*** Begin section ***
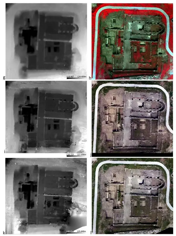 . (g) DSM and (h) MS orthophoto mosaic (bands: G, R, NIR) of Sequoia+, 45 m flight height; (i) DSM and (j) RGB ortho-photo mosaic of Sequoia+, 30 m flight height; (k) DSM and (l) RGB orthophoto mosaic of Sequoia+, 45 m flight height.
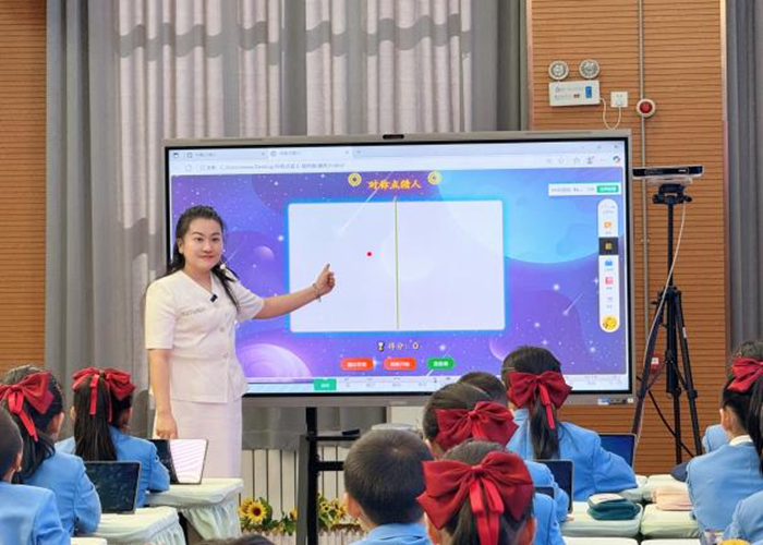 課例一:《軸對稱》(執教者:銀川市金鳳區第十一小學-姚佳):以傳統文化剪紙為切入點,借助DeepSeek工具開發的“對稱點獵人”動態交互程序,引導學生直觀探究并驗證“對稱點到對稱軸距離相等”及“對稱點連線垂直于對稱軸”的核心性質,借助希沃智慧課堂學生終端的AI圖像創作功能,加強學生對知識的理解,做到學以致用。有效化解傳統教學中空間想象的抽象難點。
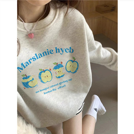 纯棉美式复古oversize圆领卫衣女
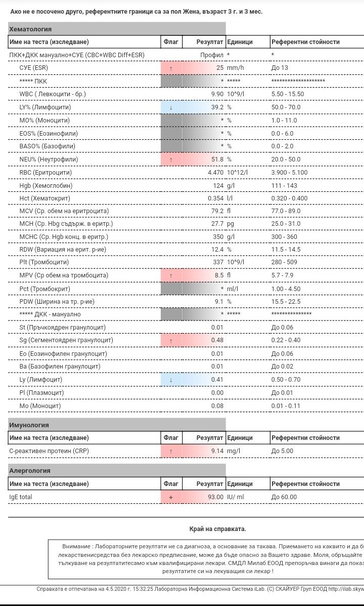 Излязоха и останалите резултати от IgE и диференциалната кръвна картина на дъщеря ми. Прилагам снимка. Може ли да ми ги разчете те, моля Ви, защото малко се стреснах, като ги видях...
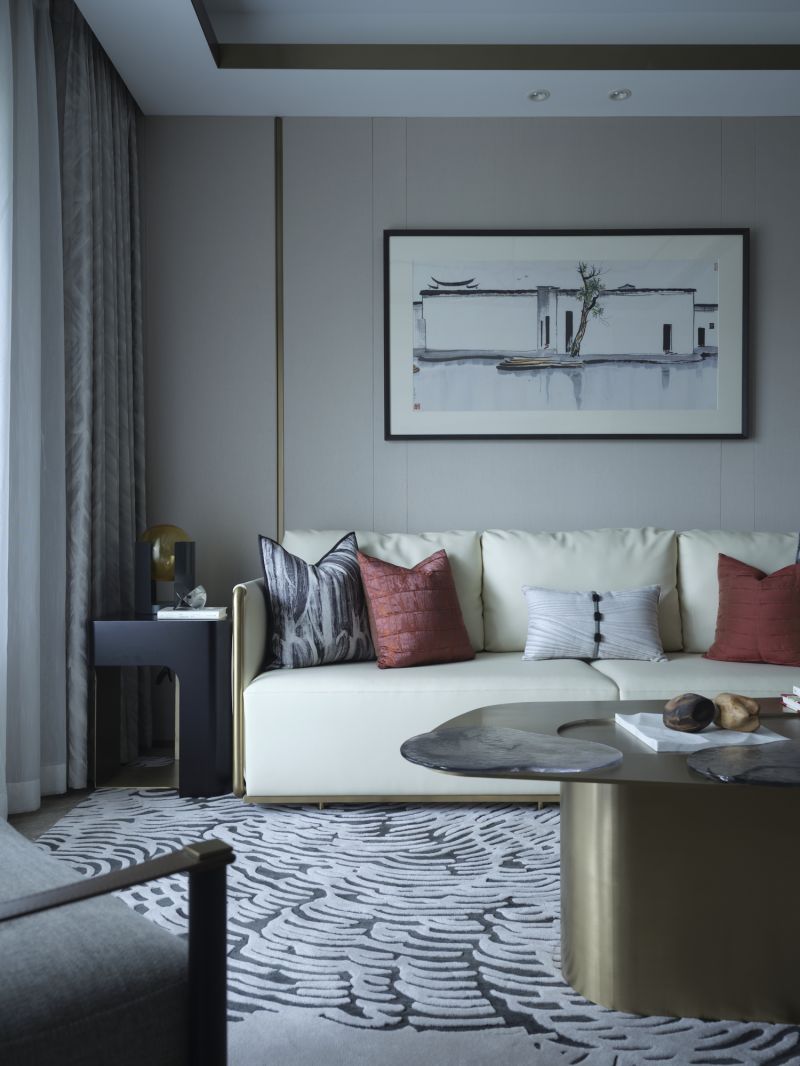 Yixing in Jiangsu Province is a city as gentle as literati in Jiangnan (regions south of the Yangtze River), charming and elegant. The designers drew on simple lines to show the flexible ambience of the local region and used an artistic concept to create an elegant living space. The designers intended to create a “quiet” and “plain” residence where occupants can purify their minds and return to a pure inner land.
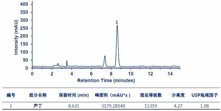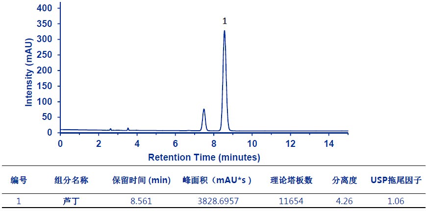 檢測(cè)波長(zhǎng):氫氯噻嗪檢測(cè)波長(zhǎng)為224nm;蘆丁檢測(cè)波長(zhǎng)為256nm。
*** End section ***
*** Begin section ***
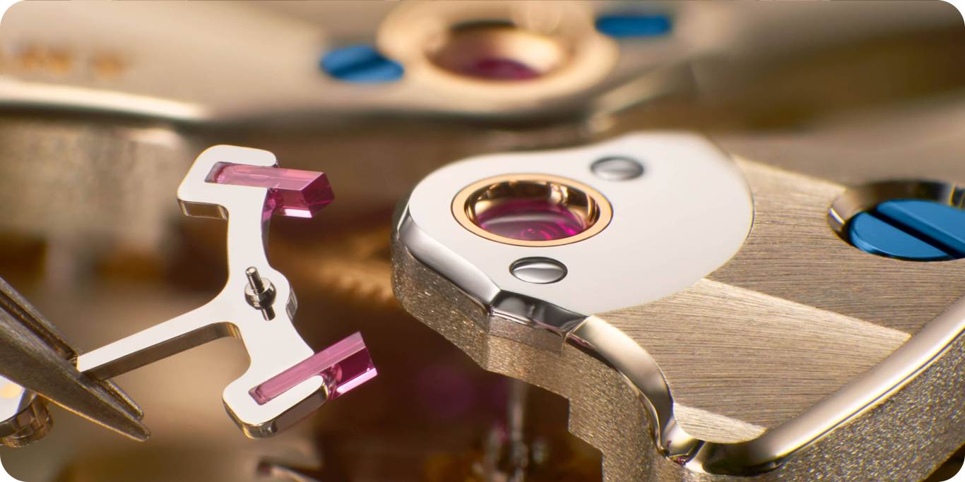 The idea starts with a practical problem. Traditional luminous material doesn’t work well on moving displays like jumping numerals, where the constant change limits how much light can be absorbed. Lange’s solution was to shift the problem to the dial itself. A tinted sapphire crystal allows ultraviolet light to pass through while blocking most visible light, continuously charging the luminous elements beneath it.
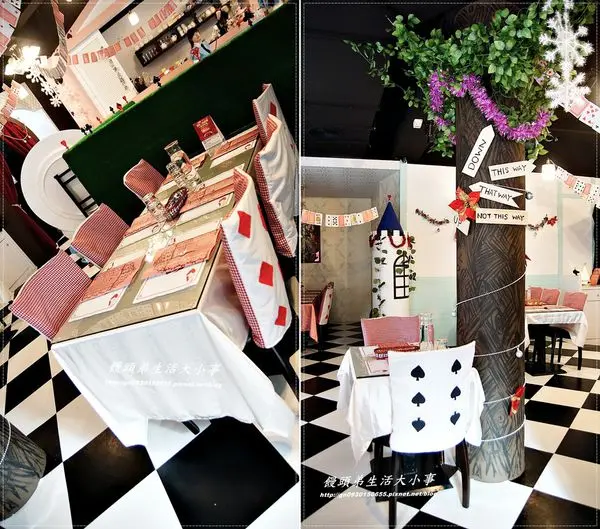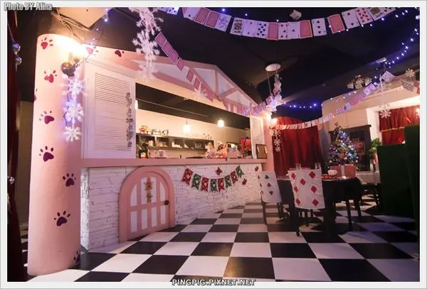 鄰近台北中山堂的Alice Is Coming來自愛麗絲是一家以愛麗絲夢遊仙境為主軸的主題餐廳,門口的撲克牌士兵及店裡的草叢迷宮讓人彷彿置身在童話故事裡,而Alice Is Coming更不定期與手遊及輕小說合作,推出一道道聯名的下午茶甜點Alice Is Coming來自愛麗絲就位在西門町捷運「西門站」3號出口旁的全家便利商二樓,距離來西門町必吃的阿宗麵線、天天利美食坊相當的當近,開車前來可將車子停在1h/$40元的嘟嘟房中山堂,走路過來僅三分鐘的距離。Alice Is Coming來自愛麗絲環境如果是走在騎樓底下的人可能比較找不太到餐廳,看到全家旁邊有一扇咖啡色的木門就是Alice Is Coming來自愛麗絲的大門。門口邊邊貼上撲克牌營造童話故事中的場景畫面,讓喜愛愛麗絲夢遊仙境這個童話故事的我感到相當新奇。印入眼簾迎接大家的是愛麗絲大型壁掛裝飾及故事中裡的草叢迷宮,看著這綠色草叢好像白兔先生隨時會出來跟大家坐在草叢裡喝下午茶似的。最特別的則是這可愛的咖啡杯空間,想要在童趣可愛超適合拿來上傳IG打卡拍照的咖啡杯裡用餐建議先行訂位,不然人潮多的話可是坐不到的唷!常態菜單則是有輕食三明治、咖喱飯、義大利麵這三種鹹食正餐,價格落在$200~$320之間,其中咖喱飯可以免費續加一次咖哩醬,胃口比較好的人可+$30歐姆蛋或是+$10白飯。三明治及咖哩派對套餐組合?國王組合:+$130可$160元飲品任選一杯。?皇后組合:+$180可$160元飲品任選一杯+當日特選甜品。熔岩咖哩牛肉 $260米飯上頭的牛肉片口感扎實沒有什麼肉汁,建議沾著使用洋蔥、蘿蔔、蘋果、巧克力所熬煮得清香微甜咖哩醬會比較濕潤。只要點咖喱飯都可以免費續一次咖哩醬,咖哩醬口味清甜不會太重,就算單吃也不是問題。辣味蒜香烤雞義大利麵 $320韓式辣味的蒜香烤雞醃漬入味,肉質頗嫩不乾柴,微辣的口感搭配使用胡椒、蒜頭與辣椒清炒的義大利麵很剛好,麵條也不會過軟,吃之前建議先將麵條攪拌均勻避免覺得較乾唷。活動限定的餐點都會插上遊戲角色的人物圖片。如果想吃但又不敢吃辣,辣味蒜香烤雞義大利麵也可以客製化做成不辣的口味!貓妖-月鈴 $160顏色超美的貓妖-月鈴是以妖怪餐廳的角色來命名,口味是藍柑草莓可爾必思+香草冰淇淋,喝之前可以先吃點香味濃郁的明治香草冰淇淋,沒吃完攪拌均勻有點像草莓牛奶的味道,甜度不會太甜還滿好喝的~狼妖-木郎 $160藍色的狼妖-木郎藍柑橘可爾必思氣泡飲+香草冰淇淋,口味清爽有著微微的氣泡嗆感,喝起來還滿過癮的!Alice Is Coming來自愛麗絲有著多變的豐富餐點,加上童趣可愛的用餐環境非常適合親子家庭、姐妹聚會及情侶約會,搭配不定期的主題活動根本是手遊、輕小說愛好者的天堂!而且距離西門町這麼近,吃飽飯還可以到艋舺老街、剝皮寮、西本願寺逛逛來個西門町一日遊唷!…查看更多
*** End section ***
> TASK TO CARRY OUT:
In the records above, everything from the line with "m flight height." down to the line with "Излязоха и останалите" must be duplicated exactly, both lines kept. Leave no pictures in.

> TASK OUTPUT:
 . (g) DSM and (h) MS orthophoto mosaic (bands: G, R, NIR) of Sequoia+, 45 m flight height; (i) DSM and (j) RGB ortho-photo mosaic of Sequoia+, 30 m flight height; (k) DSM and (l) RGB orthophoto mosaic of Sequoia+, 45 m flight height.
 課例一:《軸對稱》(執教者:銀川市金鳳區第十一小學-姚佳):以傳統文化剪紙為切入點,借助DeepSeek工具開發的“對稱點獵人”動態交互程序,引導學生直觀探究并驗證“對稱點到對稱軸距離相等”及“對稱點連線垂直于對稱軸”的核心性質,借助希沃智慧課堂學生終端的AI圖像創作功能,加強學生對知識的理解,做到學以致用。有效化解傳統教學中空間想象的抽象難點。
 纯棉美式复古oversize圆领卫衣女
 Излязоха и останалите резултати от IgE и диференциалната кръвна картина на дъщеря ми. Прилагам снимка. Може ли да ми ги разчете те, моля Ви, защото малко се стреснах, като ги видях...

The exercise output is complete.